Add a design doc for the new permission model
[bugdar.git] / docs / bugdar2_permissions.md
1 # Bugdar 2.0, Take 3 — Permissions Model
2
3 ## Current Situation
4
5 Bugdar v1 has a multi-tierd permission model. Users have a primary group and multiple secondary groups. Since group permissions are OR'd together, they are cumulative rather than subtractive: once a permission bit is ON, it can't be OFF (see `FetchUserPermissions`). A secondary unit by which permissions are partitioned is products. Products also have usergroup-level permissions that can override other group-level permissions if set explicitly to NO, unlike multiple usergroup permissions, which are OR'd together (see `fetch_on_bits()`).
6
7 A separate permissions matrix exists for custom fields. Custom fields have usergroup-level permissions for no access, view rights, and modification rights.
8
9 The basic algorithm for applying these permissions is:
10
11 bool HasPermission($user, $permission, $bug) {
12 $group_mask = $user->primary_group & $permission;
13
14 $has_product_mask = FALSE;
15 $product_mask = 0;
16
17 for each $group in $user->groups {
18 $group_mask |= $group->permissions & $permission;
19
20 if $bug->product in $group->product_permissions {
21 $has_product_mask = TRUE;
22 $product_mask |= $group->product_permissions[$bug->product] & $permission;
23 }
24 }
25
26 return $has_product_mask ? $product_mask : $group_mask;
27 }
28
29 Thus it's clear that any product permission will override the set group mask. Yet in each of the two tiers of permissions that `HasPermission` evaluates, the individual permission masks are OR'd together.
30
31 ### Database Tables
32 * `bugfield`
33 * Configuration data for custom fields.
34 * `bugfieldpermission`
35 * Controls custom permissions (none, can view, can edit) for custom fields.
36 * Links to `bugfield`.
37 * `permission`
38 * Controls product-specific permissions that cascade on top of the base `usergroup.permissions` field.
39 * `usergroup`
40 * Controls the base permsission of a user, OR'd together in `FetchUserPermissions`.
41
42 ## Version 2
43
44 In version 2, all attributes (product, severity, priority) are all going to be implemented using a "custom field" system. This means that product-level permissions and custom field permissions are no longer applicable. Since products will now be expressed as just ordinary fields, the second tier of permissions needs to be rethought.
45
46 Expressing the v1 relationship is done like such:
47
48 Tuple<Product, Usergroup> = Mask
49
50 Expressing this in v2 with fields yields:
51
52 Tuple<Field, Value, Usergroup> = Mask
53
54 ### Recreating v1
55
56 This sets a Mask when a Field is set to Value and the user is in Usergroup.
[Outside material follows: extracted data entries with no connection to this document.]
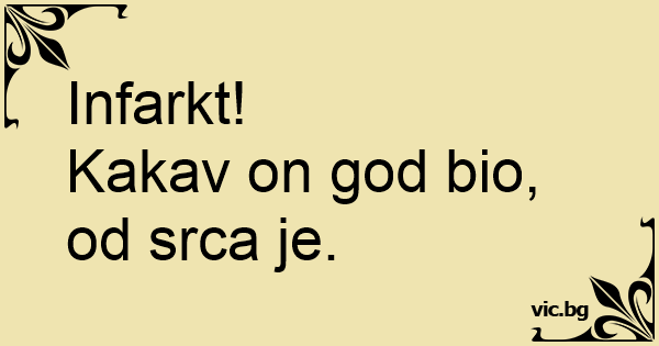 Infarkt! Kakav on god bio,...
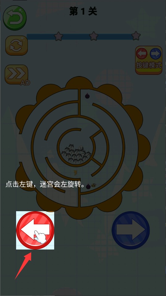 2、通过点击屏幕两侧的方向键,灵活转动迷宫以改变通道的方向,为角色开辟新的前进路线避开障碍。
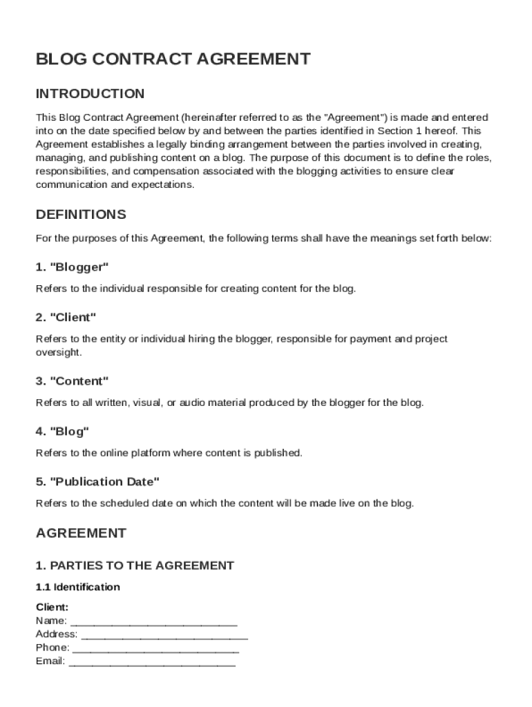 A Blog Contract Template is a formal document that outlines the terms and conditions between a blogger and a client regarding the creation and publication of blog content.
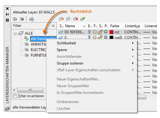 Entfernt den ausgewählten Layerfilter. Die Layerfilter Alle, Alle verwendeten Layer und XRef können nicht gelöscht werden.
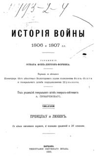 Перевод на русский язык фундаментального многотомного военно-исторического труда по истории войны русско-прусского союза с Наполеоном в 1806-1807 годах, написанного немецким военным историком Оскаром фон Леттов-Форбеком, был подготовлен при штабе Варшавского военного округа под руководством генерал-лейтенанта Генерального штаба, профессора военной истории академии Генерального штаба А.К. Пузыревского, получив при этом одобрение Военного министерства. Деятельность А.К. Пузыревского как одного из выдающихся военных педагогов и просветителей получила в России широкую известность. Представленное им исследование немецкого военного писателя, снабженное многочисленными картами и схемами боевых действий, сих пор представляет научный интерес. Одним из важнейших достоинств данного исследования является то, что автор широко использовал богатейший документальный массив как прусских, так и французских военных архивов, создав объективную картину одного из сложнейших этапов эпохи наполеоновских войн. Русско-прусско-французская война 1806-1807 гг. война между 4-й коалицией европейских держав (Великобритания, Россия, Пруссия, Саксония, Швеция) и наполеоновской Францией. Фактически эти две кампании являлась продолжением русско-австро-французской войны 1805 г. Не имея общего плана войны, союзники действовали несогласованно, что позволило Наполеону разбить их поочерёдно. Так 2 (14) октября 1806 г. в масштабном сражении под Йеной и Ауэрштадтом французская армия разгромила прусско-саксонские войска, после чего наполеоновские войска оккупировали большую часть Пруссии и 12 (24) октября заняли Берлин. Русская армия в составе трёх корпусов (около 160 тыс. чел.) под командованием генерал-фельдмаршала М. Ф. Каменского сосредоточилась в районе Пултуск, Остроленка, Брест-Литовск, выдвинув передовые отряды к Висле. 16 (28) ноября французские войска заняли Варшаву. Наполеон предпринял попытку окружить главные силы русских войск, но 14 (26) декабря в сражении под Пултуском русские войска сорвали этот план, нанеся поражение корпусу маршала Ж. Ланна. Затем русская армия отошла в район Тыкоцина, а наполеоновские войска расположились на зимние квартиры. 4 (16) января 1807 русская армия под командованием нового командующего генерал-адъютанта Л.Л. Беннигсена начала наступление из района Бялы в Восточную Пруссию с целью не допустить занятия французами Кенигсберга и Пиллау и нанести поражение изолированным корпусам Нея и Бернадота. Наполеон, узнав о продвижении русских войск, 20 января (1 февраля) направил главные силы на север, пытаясь обойти левый фланг русской армии и отрезать экспедиционные силы русских от России. Русские войска, ведя арьергардные бои, отошли к Прейсиш-Эйлау, где 26–27 января (7– 8 февраля) произошло встречное упорное сражение, в котором русские войска успешно отразили удары наполеоновской армии. 2 (14) июня 1807 г. в сражении под Фридландом русская армия, проявив чудеса героизма и мужества, вследствие неадекватных мер командования, была вынуждена отступить. В июне 1807 г. состоялось свидание Наполеона с императором Александром I в Тильзите и был подписан тяжёлый для России вынужденный союзный договор с наполеоновской Францией. Все эти военно-исторические события детально изложены в данном труде.
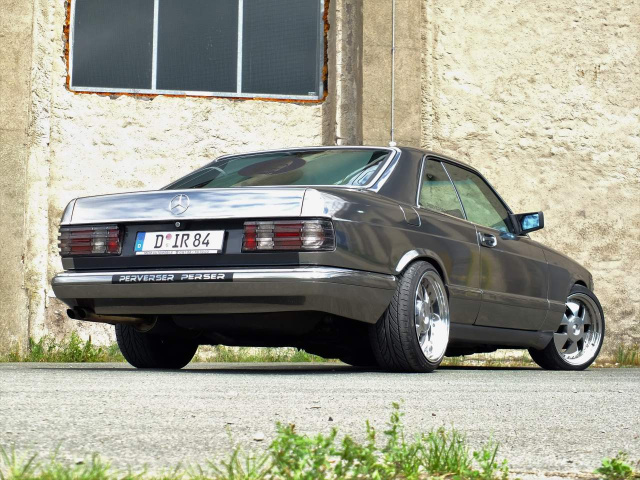 Zum starken Eindruck des Oberklasse Coupés gehört ein Sportrimm in der Machart der 80er Jahre. Dazu gehören neben der bereits erwähnten, kraftvoll klingenden Abgasanlage, getönte Beleuchtungseinrichtungen, MAE-Räder in 9,5 x 18 und 10,5 x 18, dicke Socken (255/40er vorn und 255/35er hinten), eine markante Spurverbreiterung von 20 mm / 25 mm vo/hi sowie eine sportliche Tieferlegung mittels H&R-Federn um rundum 40 mm.

Product-level permissions can thus be reproduced:
57
58 Tuple<"Product", "Example Product", "Registered Users"> = NewMask
59
60 But it also allows new permission expressions:
61
62 Tuple<"Lock", "Comments", "Registered Users"> = Inherited_Permissions & ~CAN_COMMENT
63
64 Where Inherited_Permissions is the set permissions at the time of Tuple creation, this would allow one to apply security access labels to bugs that alter the effective permissions. This preserves the two-tierd system in place in v1, with the second tier permissions, if set, overriding the first tier.
65
66 ### Extending
67
68 Rather than having the `Tuple<Field, Value, Usergroup>` map to a `Mask`, it instead could map to another tuple:
69
70 Tuple<Field, Value, Usergroup> = Tuple<Allow, Deny>
71
72 Where the first item in the RHS is a bitwise OR'd mask of permissions being allowed, and the second item is a bitwise OR'd mask of permissions being explicitly denied. All other permissions would be inherited. This would create an effective permission mask of:
73
74 EffectiveMask = ((Primary_Group | Secondary_Group...) | Rule_Permissions[Allow]) & ~Rule_Permissions[Deny]
75
76 This would give Deny permissions highest precedence.